=== Dataset content ===

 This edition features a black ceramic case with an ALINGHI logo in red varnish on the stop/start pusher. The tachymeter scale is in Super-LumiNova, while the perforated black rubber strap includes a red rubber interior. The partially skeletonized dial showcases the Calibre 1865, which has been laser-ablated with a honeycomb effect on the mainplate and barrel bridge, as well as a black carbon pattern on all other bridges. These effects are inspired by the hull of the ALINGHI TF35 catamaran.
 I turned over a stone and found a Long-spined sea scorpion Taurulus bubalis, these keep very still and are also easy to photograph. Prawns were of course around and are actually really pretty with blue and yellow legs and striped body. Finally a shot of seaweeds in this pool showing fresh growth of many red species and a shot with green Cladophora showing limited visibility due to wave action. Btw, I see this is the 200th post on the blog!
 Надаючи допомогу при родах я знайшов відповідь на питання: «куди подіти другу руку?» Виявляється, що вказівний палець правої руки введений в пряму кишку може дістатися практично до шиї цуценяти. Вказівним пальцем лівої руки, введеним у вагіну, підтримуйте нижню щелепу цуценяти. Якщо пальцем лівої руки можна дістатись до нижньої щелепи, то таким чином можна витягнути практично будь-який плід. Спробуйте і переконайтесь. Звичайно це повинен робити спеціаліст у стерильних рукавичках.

===
=== Dataset content ===

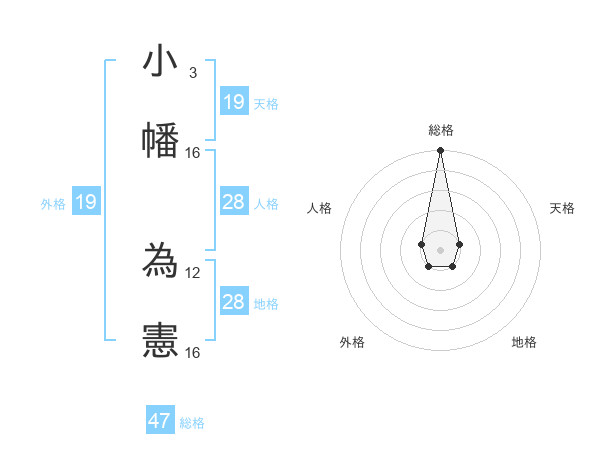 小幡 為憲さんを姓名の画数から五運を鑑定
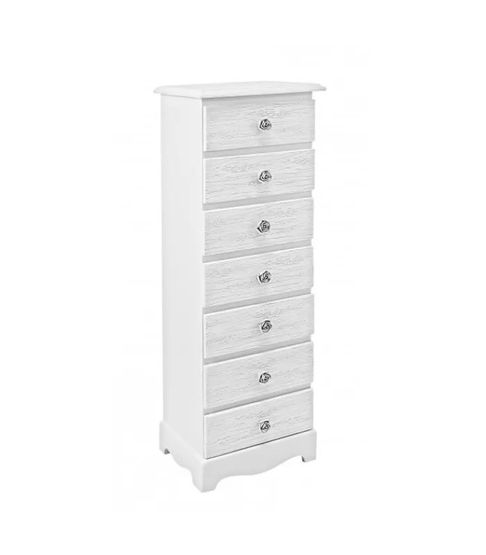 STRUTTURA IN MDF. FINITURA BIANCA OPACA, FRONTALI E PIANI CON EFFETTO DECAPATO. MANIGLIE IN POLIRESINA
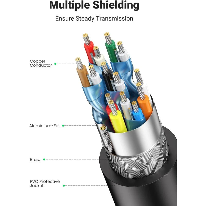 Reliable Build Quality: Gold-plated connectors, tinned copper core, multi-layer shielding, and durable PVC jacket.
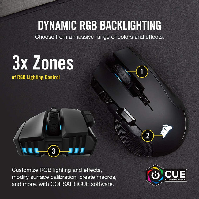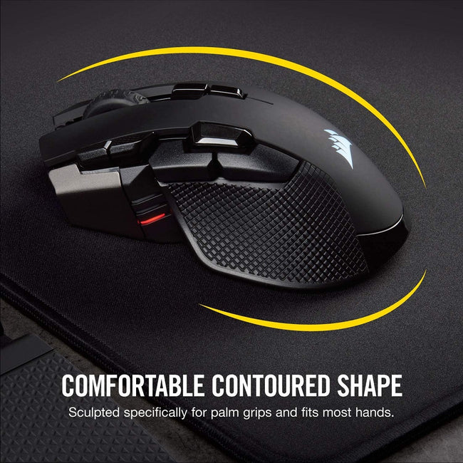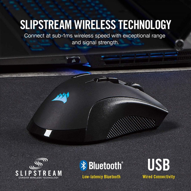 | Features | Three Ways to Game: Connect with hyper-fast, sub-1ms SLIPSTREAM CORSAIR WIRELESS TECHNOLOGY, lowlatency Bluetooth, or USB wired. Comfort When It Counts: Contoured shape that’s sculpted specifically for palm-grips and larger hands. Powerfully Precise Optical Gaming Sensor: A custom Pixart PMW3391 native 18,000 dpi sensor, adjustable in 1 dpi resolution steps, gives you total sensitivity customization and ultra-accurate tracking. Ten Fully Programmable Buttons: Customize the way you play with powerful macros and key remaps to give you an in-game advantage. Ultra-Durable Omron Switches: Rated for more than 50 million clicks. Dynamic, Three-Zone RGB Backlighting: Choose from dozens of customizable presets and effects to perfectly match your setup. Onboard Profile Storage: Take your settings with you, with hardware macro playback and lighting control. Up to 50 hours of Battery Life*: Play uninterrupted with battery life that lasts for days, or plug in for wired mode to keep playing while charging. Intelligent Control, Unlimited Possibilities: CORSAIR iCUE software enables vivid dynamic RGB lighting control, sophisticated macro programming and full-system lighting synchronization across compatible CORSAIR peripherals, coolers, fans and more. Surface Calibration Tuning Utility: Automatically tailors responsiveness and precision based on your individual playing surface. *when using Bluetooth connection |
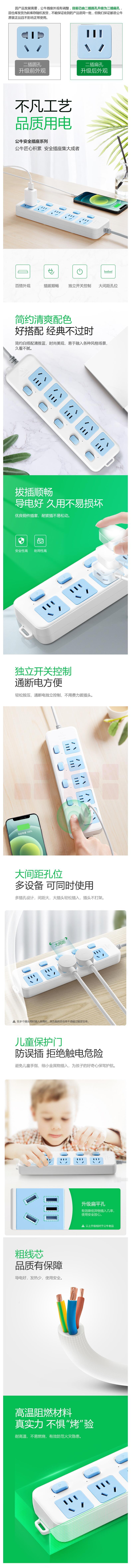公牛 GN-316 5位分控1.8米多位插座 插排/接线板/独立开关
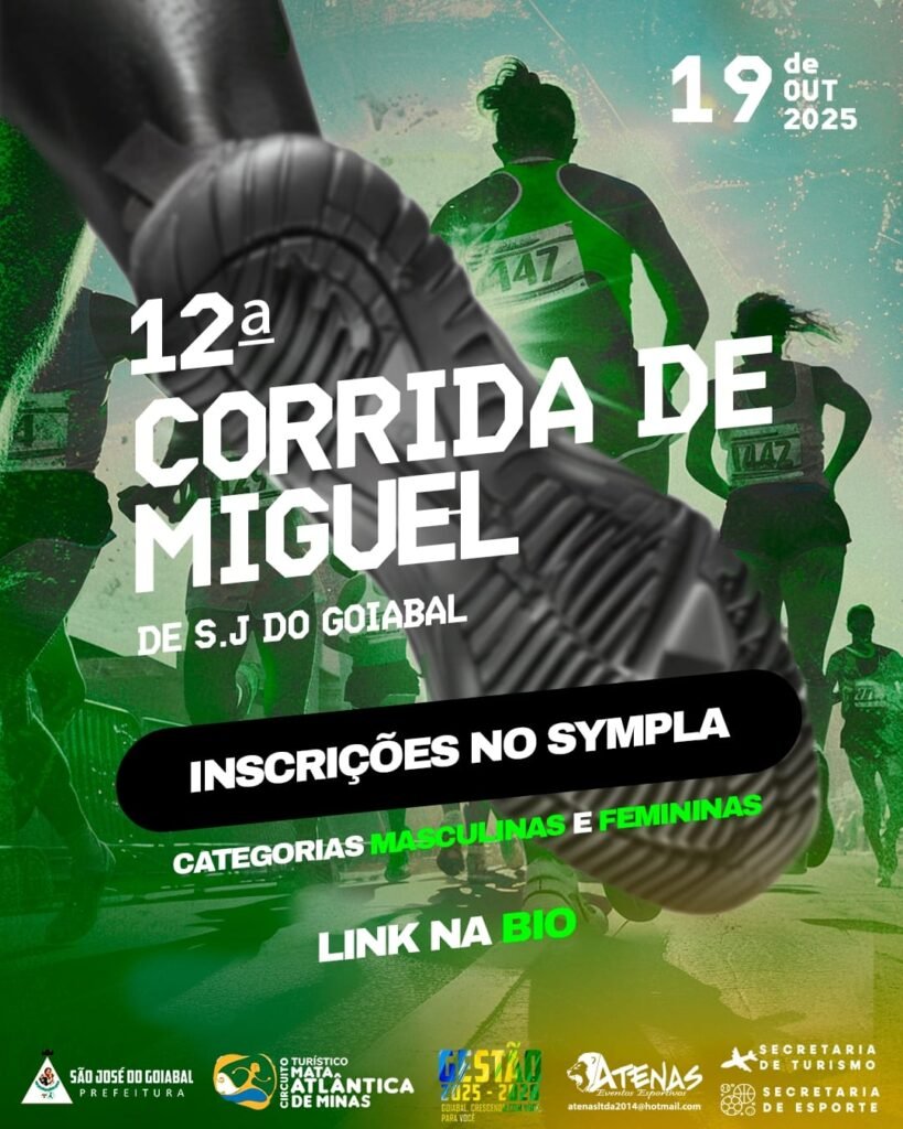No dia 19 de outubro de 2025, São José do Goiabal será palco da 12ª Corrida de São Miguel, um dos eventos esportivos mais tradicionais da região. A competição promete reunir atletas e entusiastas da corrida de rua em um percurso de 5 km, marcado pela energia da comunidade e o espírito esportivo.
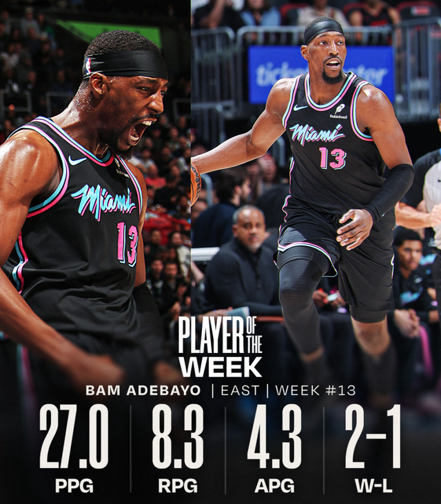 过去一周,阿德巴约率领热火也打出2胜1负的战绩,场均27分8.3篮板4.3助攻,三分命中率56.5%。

===

§ **What this task involves**
Exactly the lines above, from the one containing "STRUTTURA IN MDF." down to the one containing "Reliable Build Quality: Gold-plated", are to be repeated, including both ends. Pictures are not part of the copy.

§ **Exercise solution**
 STRUTTURA IN MDF. FINITURA BIANCA OPACA, FRONTALI E PIANI CON EFFETTO DECAPATO. MANIGLIE IN POLIRESINA
 Reliable Build Quality: Gold-plated connectors, tinned copper core, multi-layer shielding, and durable PVC jacket.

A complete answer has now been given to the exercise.